CPU Instructions are based on Forth:
JMP unconditional jump ( 3 types, 10 bit, 14 bit, home page) T0 branch if TOP of stack =0 ( DUP IF ) ( 3 types) C0 branch if CARRY bit not set ( 3 types) CALL subroutine call ( 3 types) RET subroutine return # literal, place immediate word into top of stack @A+ place memory contents pointed to by register A in TOP, increment A @R+ place memory contents pointed to by register R in TOP, increment R @A place memory contents pointed to by register A in TOP of stack !A+ store TOP of stack into memory pointed to by A, increment A !R+ store TOP of stack into memory pointed to by R, increment R !A store TOP of stack into memory pointed to by A COM complement TOP of stack AND AND TOP of stack with NEXT and leave result in TOP -OR EXCLUSIVE OR TOP of stack with NEXT and leave result in TOP + ADD TOP of stack to NEXT and leave result in TOP 2* left shift TOP 2/ right shift TOP +* ADD TOP of stack to NEXT and leave result in TOP, NEXT unchanged (perform add only if the least signifigant bit of T = 1) A copy A to TOP of stack A! move TOP of stack to A DUP duplicate TOP of stack DROP discard TOP of stack OVER duplicate the second item to the TOP of Data stack PUSH TOP of DATA stack to TOP of RETURN stack POP TOP of RETURN stack to TOP of DATA stack NOP No CPU operation
A register (T) acts as the top of the data stack. All data are placed
in T; its prior contents are pushed onto S.
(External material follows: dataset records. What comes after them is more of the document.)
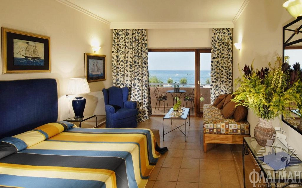 - standard room SV/ GV (вид на море или сад, спальня с зоной гостиной, основная кровать – двуспальная или 2 односпальные, доп. – диван-кровать, макс. 3 чел., 24,4 м2);
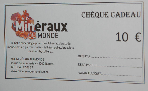 Offrez un CHÈQUE CADEAU "Aux Minéraux du Monde". Ainsi, plus de risque d'erreur puisque le destinataire choisira lui même son cadeau au magasin.
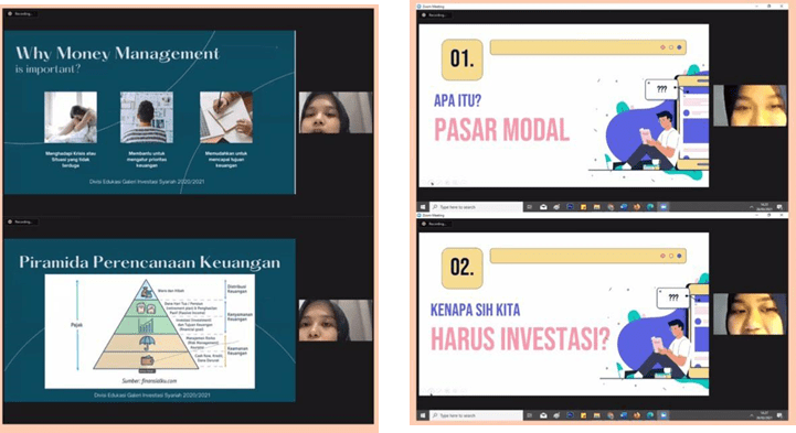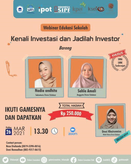 Edukasi SMA dinarasumberi oleh Sahla Amali Syuaib dan Nadia Andhita selaku perwakilan dari Divisi Edukasi, dan dimoderatori oleh saudari Tania Eka Maharani. Pada webinar tersebut pemateri membawakan materi mengenai Time Management dan Pengenalan Pasar Modal kepada para peserta. Tak lupa kami juga menjelaskan bagaimana cara bertransaksi melalui aplikasi dari Sekuritas IPOT yang dipandu oleh Ahmad Faris Mu’tashin.
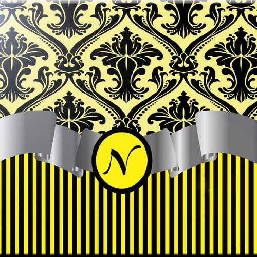Rikki Knight RK-12intilec-2156 12" X 12" Letter "N" Yellow Damask Stripes Monogrammed Design Ceramic Art Tile
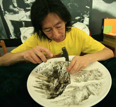 陶瓷刻磁藝術(shù)家在進(jìn)行表演
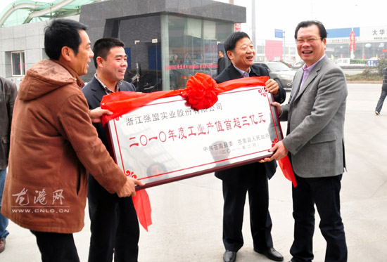 金匾送来了祝贺,更送来了信心。从县委副书记、县长董庆华,县政协主席杨成秋手中接过庆贺其产值突破3亿元的金匾时,浙江强盟股份有限公司董事长易志龙表示,将继续紧跟市场的脉搏,抓住发展机遇,不断完善产业链,在新的起点上,实现更好更快的发展,为苍南经济社会发展作出更大的贡献。授匾企业浙江强盟股份有限公司全体员工意气风发,表示将紧紧抓住龙港发展的大好时机,继续发挥优势,努力再创新的业绩,2012年实现工业总产值5亿元的目标。
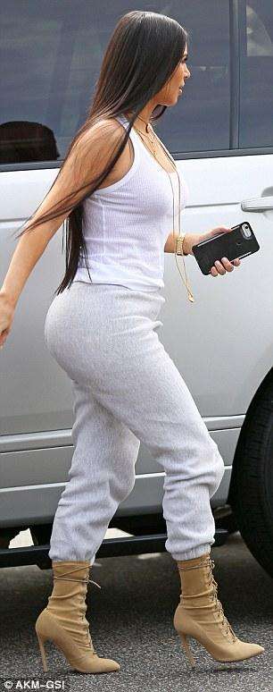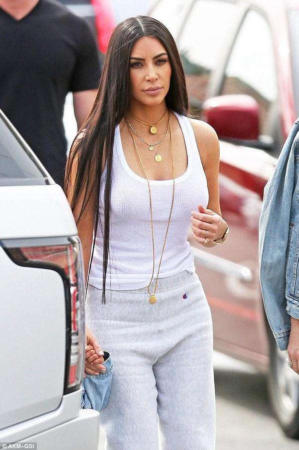 卡拉巴萨斯位于加利福尼亚的南部,这里已经热起来了,人们都穿着夏装。金-卡戴珊当天穿着一件白色的吊带背心,脚上穿着米凶巴巴的系带高跟鞋,下面是个灰色的运动裤,脖子上戴着很多黄金项莲,守着孩子她穿得很保守。

The ALU acts upon T and S, leaves its result in T and pops S for
binary operations (+ -or and).
A register (A) is used to address data.
A program counter (P) is used to address instructions.
The return stack stores subroutine return addresses (and occassional data).
A configuration register (C) specifies timing and addressing options.
F21 uses a physical bus that represents the number or address 00000 with positive logic on even bits and negative logic on odd bits. This means that the package pins show AAAAA for the number or address 00000. Alternate bits on the pins are complemented. -or a number with 0AAAAA to determine its pattern. Thus, the number 00100F has the pattern 0ABAA5 on the pins. The ALU acts upon numbers; addresses are numbers. The configuration register stores patterns; the package pins display patterns.
bit 20 ...15 ...10 ....5 ....0 slot0 slot1 slot2 slot3 10-bit jump slot0 jump aa aaaa aaaa address p pppp pppp ppaa aaaa aaaa (p from P register) 14-bit jump jump 0aa aaaa aaaa aaaa address p pppp ppaa aaaa aaaa aaaa home jump jump 1aa aaaa aaaa aaaa address c 0c00 00aa aaaa aaaa aaaa (c is C17)The contents of slots 1-3 must be complemented, whether instructions or address. The 3rd jump format, home page jumps, facilitate jumping from DRAM into SRAM since the home page location may be set to DRAM or SRAM by setting memory configuration register bit 17 (c17). A full 21-bit jump requires pushing an address into R and executing the ; instruction.
If the configuration register bit c17 is set then the home page address becomes address 140000, which is high speed SRAM, if it is not set then the home page address is 0 in DRAM. The 10-bit jumps are faster than offpage jumps in DRAM and frees the first instruction slot for use by another opcode. Single cell branch instructions can cover a range of 16k words in DRAM and 8k words in SRAM, and subroutine returns move freely between SRAM and DRAM since the return stack is 21 bits wide.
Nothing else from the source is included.